Some animals do get dementia, including dogs, cats, and even dolphins. But nothing is as direct as studying the way disease pathology moves through the human brain itself. Beyond the ethics of animal testing, Gosztyla says, “Animals just aren’t very good at simulating our diseases and also predicting what drugs will reverse those diseases.”

In addition to drug testing, the BrainStorm team is using their platform for drug discovery with the help of AI models. Gostztyla believes AI has yet to revolutionize drug discovery because even though AI models are designed to optimize chemistry, they’re often built off of a fundamentally flawed understanding of biology. 

“It’s a ‘garbage in, garbage out’ scenario,” she explains. “If you feed your AI model data from mouse models, for example, we know that those don’t actually predict human success.”

 Organoids, on the other hand, are a “biology-first” approach to drug discovery: “We take all of the rich data that we get from our organoid studies, and we can feed that into our AI models and use that to predict what are the best targets to go after for drug discovery before we even worry about the chemistry.”

“Mini-brains” for neurodegenerative diseases?

BrainStorm is currently working with two companies to develop a brain organoid model that quantifies how known Alzheimer’s biomarker tau protein spreads between neurons. 

One major challenge with organoids? These mini-brains are suspended in time: They cannot simulate aging.

“Even if you take a sample from an adult, it’s still going to look like a fetal version of their brain,”  Gosztyla said. “And so that limits the kind of how applicable all these models are to things like Alzheimer’s and Parkinson’s.”

The goal is to work towards inducing aging in the organoids, she said, so that they can study more than just the very early signs of Alzheimer’s. Gosztyla said she wants to be able to use the technology to mimic the brains of older adults too. “Can we then actually reverse some of those changes in a model that looks more like the brain that a 65-year-old or a 75-year-old might actually have?” she asked.
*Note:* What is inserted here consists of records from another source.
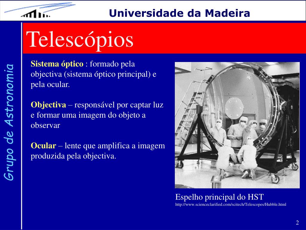 Universidade da Madeira Telescópios Sistema óptico : formado pela objectiva (sistema óptico principal) e pela ocular. Objectiva – responsável por captar luz e formar uma imagem do objeto a observar Ocular – lente que amplifica a imagem produzida pela objectiva. Grupo de Astronomia Espelho principal do HST http://www.scienceclarified.com/scitech/Telescopes/Hubble.html 2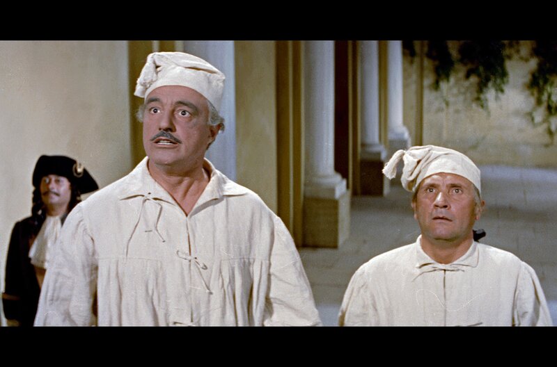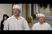 Der kluge Sekretär Gardunia (Paolo Stoppa, re.) schlägt dem Gouverneur (Vittorio De Sica, li.) einen Plan vor, um eine Nacht mit Carmela zu verbringen.
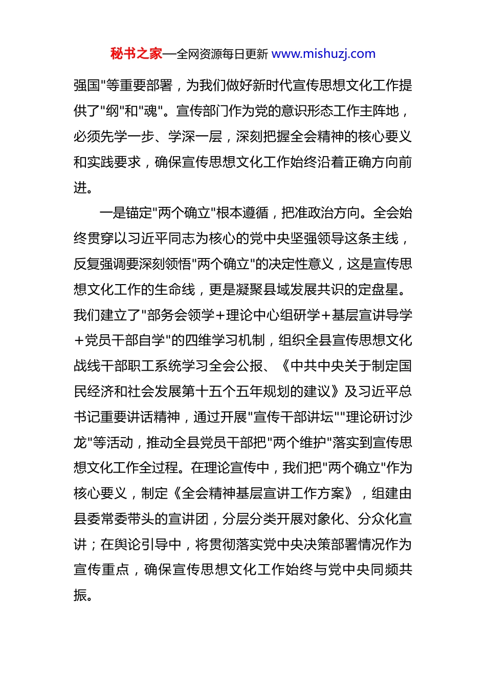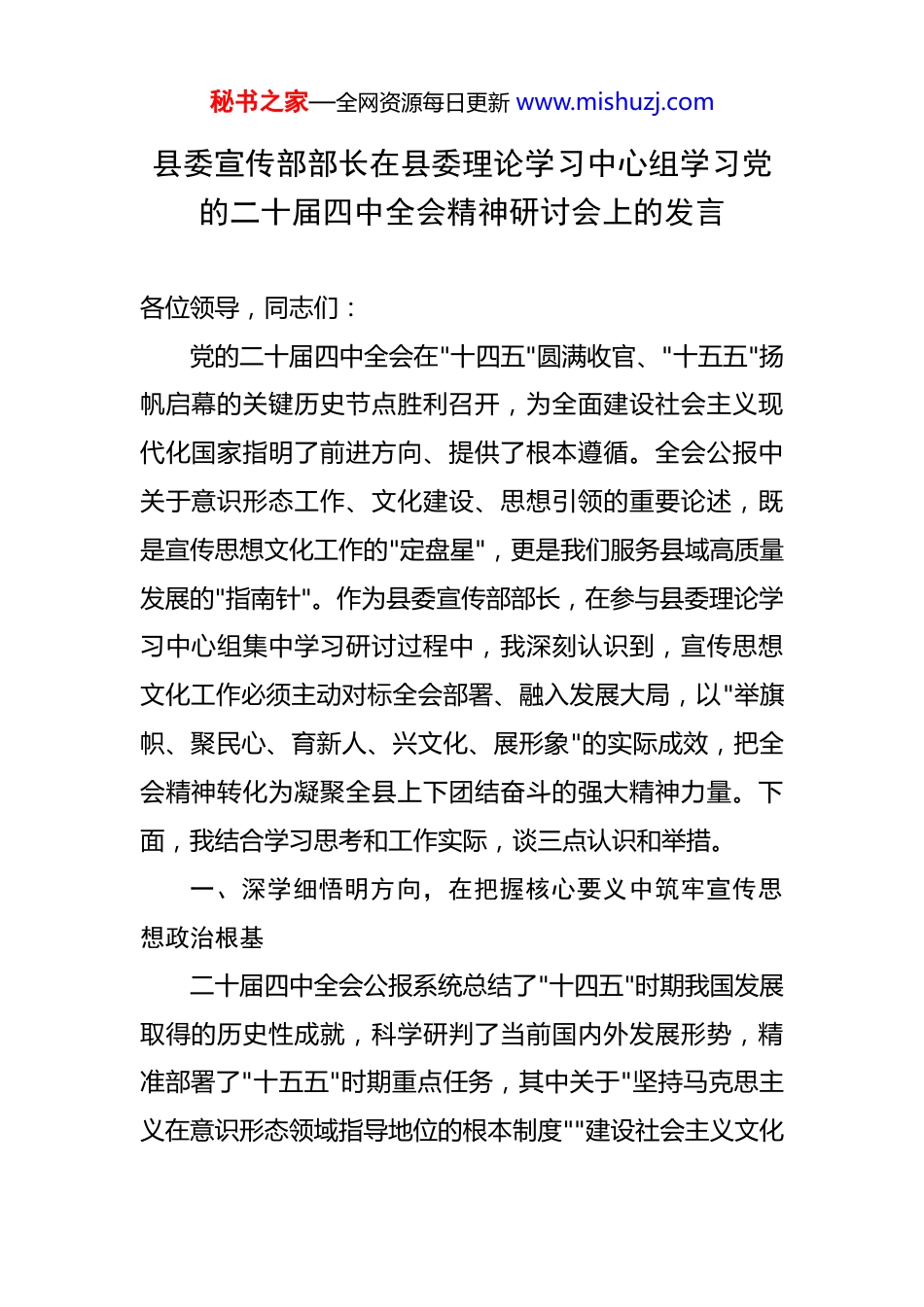 秘书之家—全网资源每日更新 www.mishuzj.com县委宣传部部长在县委理论学习中心组学习党的二十届四中全会精神研讨会上的发言 各位领导,同志们:党的二十届四中全会在"十四五"圆满收官、"十五五"扬帆启幕的关键历史节点胜利召开,为全面建设社会主义现代化国家指明了前进方向、提供了根本遵循。全会公报中关于意识形态工作、文化建设、思想引领的重要论述,既是宣传思想文化工作的"定盘星",更是我们服务县域高质量发展的"指南针"。作为县委宣传部部长,在参与县委理论学习中心组集中学习研讨过程中,我深刻认识到,宣传思想文化工作必须主动对标全会部署、融入发展大局,以"举旗帜、聚民心、育新人、兴文化、展形象"的实际成效,把全会精神转化为凝聚全县上下团结奋斗的强大精神力量。下面,我结合学习思考和工作实际,谈三点认识和举措。一、深学细悟明方向,在把握核心要义中筑牢宣传思想政治根基二十届四中全会公报系统总结了"十四五"时期我国发展取得的历史性成就,科学研判了当前国内外发展形势,精准部署了"十五五"时期重点任务,其中关于"坚持马克思主义在意识形态领域指导地位的根本制度""建设社会主义文化秘书之家—全网资源每日更新 www.mishuzj.com强国"等重要部署,为我们做好新时代宣传思想文化工作提供了"纲"和"魂"。宣传部门作为党的意识形态工作主阵地,必须先学一步、学深一层,深刻把握全会精神的核心要义和实践要求,确保宣传思想文化工作始终沿着正确方向前进。一是锚定"两个确立"根本遵循,把准政治方向。全会始终贯穿以习近平同志为核心的党中央坚强领导这条主线,反复强调要深刻领悟"两个确立"的决定性意义,这是宣传思想文化工作的生命线,更是凝聚县域发展共识的定盘星。我们建立了"部务会领学+理论中心组研学+基层宣讲导学+党员干部自学"的四维学习机制,组织全县宣传思想文化战线干部职工系统学习全会公报、《中共中央关于制定国民经济和社会发展第十五个五年规划的建议》及习近平总书记重要讲话精神,通过开展"宣传干部讲坛""理论研讨沙龙"等活动,推动全县党员干部把"两个维护"落实到宣传思想文化工作全过程。在理论宣传中,我们把"两个确立"作为核心要义,制定《全会精神基层宣讲工作方案》,组建由县委常委带头的宣讲团,分层分类开展对象化、分众化宣讲;在舆论引导中,将贯彻落实党中央决策部署情况作为宣传重点,确保宣传思想文化工作始终与党中央同频共振。秘书之家—全网资源每日更新 www.mishuzj.com二是紧扣"高质量发展"首要任务,找准服务定位。全会明确提出"十五五"时期经济社会发展必须坚持高质量发展主题,这与我县实施的工业强县、农业稳县、文旅兴县"三大强县战略"高度契合。作为意识形态工作主管部门,我们深刻认识到,宣传思想文化工作服务高质量发展,关键要实现"三个聚焦":聚焦现代化产业体系建设,重点宣传工业转型、农业升级的创新举措和成效;聚焦农业农村现代化,深入解读乡村振兴政策,讲好农村发展故事;聚焦共同富裕目标,大力宣传民生改善成果,增强群众获得感。我们已牵头开展"宣传思想文化工作服务高质量发展"专题调研,梳理出舆论引导针对性不强、文化产业发展滞后、基层宣讲效能不足等 5 类 16 项问题,形成问题清单、责任清单和整改台账,为精准施策奠定坚实基础。三是把握"自我革命"战略要求,夯实工作根基。全会鲜明提出"坚持以党的自我革命引领社会革命,持之以恒推进全面从严治党",这对宣传思想文化工作提出了更高标准。我们深刻认识到,县域宣传思想文化领域的自我革命,关键要解决阵地管理不严格、队伍能力不适应、工作机制不健全等问题。为此,我们将开展"宣传思想文化工作提质增效年"活动,重点整治媒体融合发展不深入、新兴领域宣传覆盖不到位、基层文化设施利用率不高等问题,以自我革秘书之家—全网资源每日更新 www.mishuzj.com命精神推动宣传思想文化工作守正创新,为高质量发展提供坚强思想保证和精神支撑。二、守正创新强作为,在服务发展大局中彰显宣传思想文化价值全会强调,要"坚持和加强党中央集中统一领导,巩固壮大奋进新时代的主流思想舆论,培育和践行社会主义核心价值观"。宣传...

Treating rare youth brain diseases

BrainStorm is currently focused on the area of rare pediatric brain disease. According to Gosztyla, their technology found that the Alzheimer’s drug donepezil reversed seizures in organoids, and they’ve received FDA approval to move into Phase 2 clinical trials to repurpose the drug for patients with Rett syndrome, a neurological disorder that typically affects young girls. 

The hope is that after finding success developing drugs for rare pediatric brain diseases, that will allow them to ramp up testing for more common disease programs involving Parkinson’s and Alzheimer’s. 

With her grandmother in mind, Gosztyla says it’s important for scientists in the lab to remember the people living with neurodegeneration, and do all that’s possible to shorten the timeline to effective treatments.